それよりこいつは、いつまであたしに構う気だ。
「それで、あなたは落し物を役場に届けなくていいのかしら?」
あたしは横目でジロリと睨みつける。と、思い出したように「そうだった」と彼はズボンのポケットから何かを取り出した。
「これお嬢ちゃんのだろ?」
とあたしの目の前に差し出したのは、ぐるっと輪っかになった薄い金に、赤い宝玉が一つ当てこまれている指輪だった。
「それ!」
あたしは慌てて自分の首元を確認してそれがないことを確認する。
うっそ、いつ落としたんだろう。気づかなかったなど恥以外のなんでもないぞ……。
「大事なやつなの……あ、ありがとう」
気まずげにあたしがお礼を言うと、安心したのかレオンは朗らかに笑う。
「やっぱりお嬢ちゃんのだったか。すぐに気づいて良かった。でないと、追いつけなかっただろうし」
彼の言葉を聞き流しながら、指輪をかけていた紐を確認して、あたしは首後ろで固く紐を結びなおす。胸元で指輪がキラリと煌めいた。

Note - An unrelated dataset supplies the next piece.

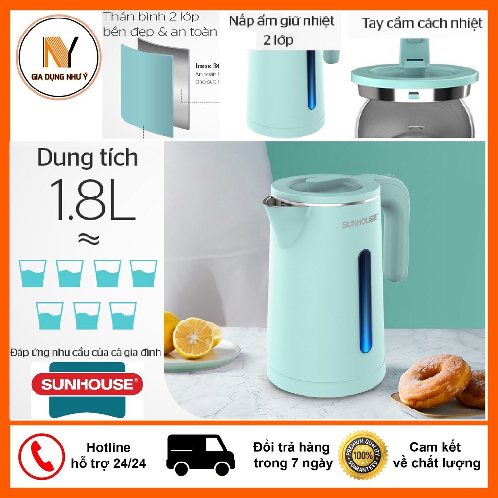 Giới thiệu Ấm Siêu Tốc 2 Lớp Sunhouse SHD1351 Dung Tích 1.8 Lít, Bền Đẹp An Toàn, Bảo Hành Chính Hãng

大事なものなら首に下げず、指にはめないのか――とか聞かれそうだが、この指輪、実は輪っかが小さい。それこそ入るのは、小さい子供の指くらいだと思うのだ。なので、こうして紐を通して首から下げ、肌身離さず持ち歩いている。
あたしは小さくため息をつくと、彼に一つ提案をした。
「もしよかったらお礼に コーヒーの一杯でも奢るけど、どう?」
彼は少し考えて、
「そういえばそろそろ昼か。旅立って間もない子にたかるのも悪いし、今日はオレが餞別がわりにお昼を奢ってやるよ」
と言ってくれる。
あら。意外な展開。
「あたし結構食べるけど、懐大丈夫?」
彼は冗談だと思ったのか「へーきへーき」と軽くそれを受け流す。
冗談ではなく真面目にそう聞いたのだが、まあ奢ってくれるというならありがたくご馳走になろうではないか。
彼の申し出を承諾すると、彼が先ほど近くで見たお店に行こうと言うので、あたしたちはそのお店を目指して移動を始めたのだった。